SeaCaptaur is focusing on fields containing 5-15 MMbbl recoverable in 10-300m water depth. Roberts says there’re around 2000 small pools around the world, but to develop them at US$50/bbl you need a solution that has 50% of the capex and opex cost of present day FPSOs (floating production, storage and offloading vessels). SeaCaptaur thinks the North Sea has the most potential in terms of producing its small pools. But, Roberts says, “there’s a cultural problem. They [North Sea operators] only understand big. They need to scale down right down to small and basic.”
SeaCaptaur has drawn on the Apache (Australia) and Sasol (South Africa) control buoy systems, the Khazzan oil storage tanks and the Prinos tank. It has a base case 50,000 bbl oil storage tank on the seafloor. The tank would be floated out using a tug and then ballasting for positioning. The tank would be connected, using tethers, to a rigid monolithic production spar buoy, which pierces the surface for gas flaring and offtake. The buoy would contain four levels, or decks, containing the processing systems – which could support electric submersible pumps. Access for maintenance would be via an access gangway, the like those being used in the offshore wind industry.
The system would require a specialized, 65,000 bbl capacity shuttle tanker for offtake. SeaCaptaur has designed a DP shuttle tanker for this job, complete with motion compensated gangway, which could in effect do a milk round of several facilities and take the crude straight to the terminal, to avoid third party lifting charges or tariffs.
“It is still cheaper than a FPSO,” but, you have to have a number of small pools running, say 2-3, to maintain a production rate of 10-11,000/d, to make it work, Robert says.
Relying on infrastructure
While there is a large prize to be had in the UK North Sea’s small pools, individually it’s hard to make these small reservoirs pay their way.
According to a University of Aberdeen report looking at the possible profitability of small pools (containing 3-15 MMbbl recoverable), at $60/bbl, the smallest size pool that becomes economic is 11 MMbbl.
The current technology to develop such a field is a single well, with a single flowline, a single umbilical for tieback to a host.
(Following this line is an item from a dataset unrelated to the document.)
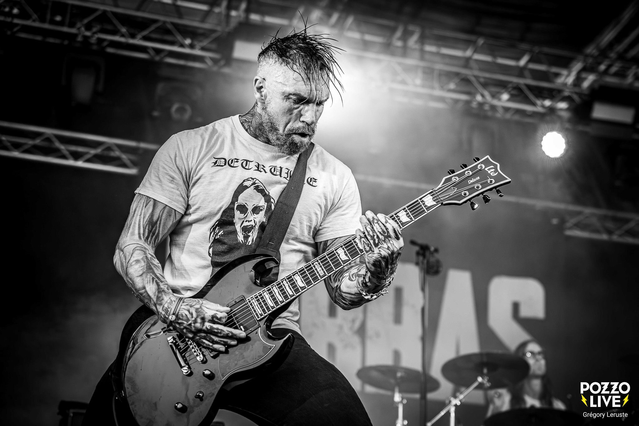 Le début de soirée a pris une tournure plus sombre avec le death/grindcore de Karras, qui a livré un set massif et sans concession. Ensuite, Guilt Trip et Paleface Swiss ont enfoncé le clou avec des shows d’une brutalité implacable. Leur passage a fait trembler le site de Cercoux et a parfaitement préparé le terrain pour l’apothéose.

But, “if we could cut the cost by 25%, it would take the field size to 9 MMbbl. If we could reduce it by 50%, it would be 6 MMbbl,” says Peter Blake, chairman of the National Subsea Research Institute, part of Subsea UK. “Obviously we are not operating in a $60/bbl world, it is $42 today [at the time of the NRSI event in April]. There is a considerable challenge to get capex down if we want small pools to be developed.”
Another study, by the UK’s Oil and Gas Authority, found that many of these small pools are tantalizingly close to near infrastructure, however. Many of the pools containing less than 50 MMbbl, are within 50km of a pipeline – although what type of pipeline this was needs defining in further work. Some 80% contained less than 20 MMbbl but were less than 10km from a pipeline.
By far, most of the opportunities are in the central North Sea, followed by west of Shetland and then the northern North Sea. “The central North Sea and northern North Sea is where there is already a lot of infrastructure,” Blake says. “There is not a lot of infrastructure west of Shetland.”
“There is a possibility to hook this stuff into other things or hook it together,” Blake says. “The scope for standalone infrastructure isn’t as big as expected.” But, “there is [also] a valid concern this infrastructure could disappear. In this environment can subsea storage be competitive and what does the overall system around that system look like?” And it’s not just a UK North Sea opportunity. Blake thinks subsea storage could be used in shallow water basins elsewhere around the globe. “But it cannot be technology for technology sake, it needs to be at a price that can make developments happen.”